Option A: Docker (recommended)

From examples/voice_agent_webrtc_langgraph/:

docker compose up --build -d

Then open http://<machine-ip>:9000/.

Chrome on http origins: enable “Insecure origins treated as secure” at chrome://flags/ and add http://<machine-ip>:9000.

Option B: Python (local)

Requires Python 3.12 and uv.

cd examples/voice_agent_webrtc_langgraph
uv run pipeline.py

Then start the UI from ui/ (see examples/voice_agent_webrtc_langgraph/ui/README.md).

4) Swap TTS providers (Magpie ⇄ ElevenLabs)

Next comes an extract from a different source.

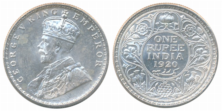 George V, Silver Rupee, 1919, Obv: King George V facing to left, Rev: Denomination & Date within circle, wreath surrounds, Very fine. Certified, Authenticated and packed in Temper Proof Coin Card. You are saving Rs. 100/- on this purchase.
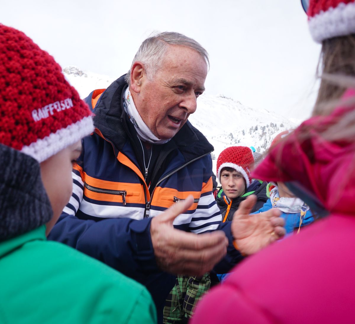 Der Ski-WM-Ehrengast und ehemalige Sportminister Adolf Ogi spricht im WM-Zielgelände zu den Schulkindern aus Müstair und beschwört sie: «Ihr seid die Zukunft.» Foto: Jon Duschletta

The default TTS in examples/voice_agent_webrtc_langgraph/pipeline.py is NVIDIA Riva Magpie via NIM:

from nvidia_pipecat.services.riva_speech import RivaTTSService

tts = RivaTTSService(
    api_key=os.getenv("RIVA_API_KEY"),
    function_id=os.getenv("NVIDIA_TTS_FUNCTION_ID", "4e813649-d5e4-4020-b2be-2b918396d19d"),
    voice_id=os.getenv("RIVA_TTS_VOICE_ID", "Magpie-ZeroShot.Female-1"),
    model=os.getenv("RIVA_TTS_MODEL", "magpie_tts_ensemble-Magpie-ZeroShot"),
    language=os.getenv("RIVA_TTS_LANGUAGE", "en-US"),
    zero_shot_audio_prompt_file=(
        Path(os.getenv("ZERO_SHOT_AUDIO_PROMPT")) if os.getenv("ZERO_SHOT_AUDIO_PROMPT") else None
    ),
)

To use ElevenLabs instead:

Ensure ElevenLabs support is available (included via project deps).
Set environment:
- ELEVENLABS_API_KEY
- Optionally ELEVENLABS_VOICE_ID and any model-specific settings
Edit examples/voice_agent_webrtc_langgraph/pipeline.py to import and construct ElevenLabs TTS:

from nvidia_pipecat.services.elevenlabs import ElevenLabsTTSServiceWithEndOfSpeech

# Replace the RivaTTSService(...) block with:
tts = ElevenLabsTTSServiceWithEndOfSpeech(
    api_key=os.getenv("ELEVENLABS_API_KEY"),
    voice_id=os.getenv("ELEVENLABS_VOICE_ID", "Rachel"),
    sample_rate=16000,
    channels=1,
)

No other pipeline changes are required; transcript synchronization supports ElevenLabs end‑of‑speech events.

Notes for Magpie Zero‑shot:

Set RIVA_TTS_VOICE_ID like Magpie-ZeroShot.Female-1 and RIVA_TTS_MODEL like magpie_tts_ensemble-Magpie-ZeroShot.
If using a custom voice prompt, mount it via docker-compose.yml and set ZERO_SHOT_AUDIO_PROMPT, or set ZERO_SHOT_AUDIO_PROMPT_URL to auto-download on startup.

5) Troubleshooting

Healthcheck: curl -f http://localhost:7860/get_prompt
If the UI can’t access the mic on http, use the Chrome flag above or host the UI via HTTPS.
For NAT/firewall issues, configure TURN or provide Twilio credentials.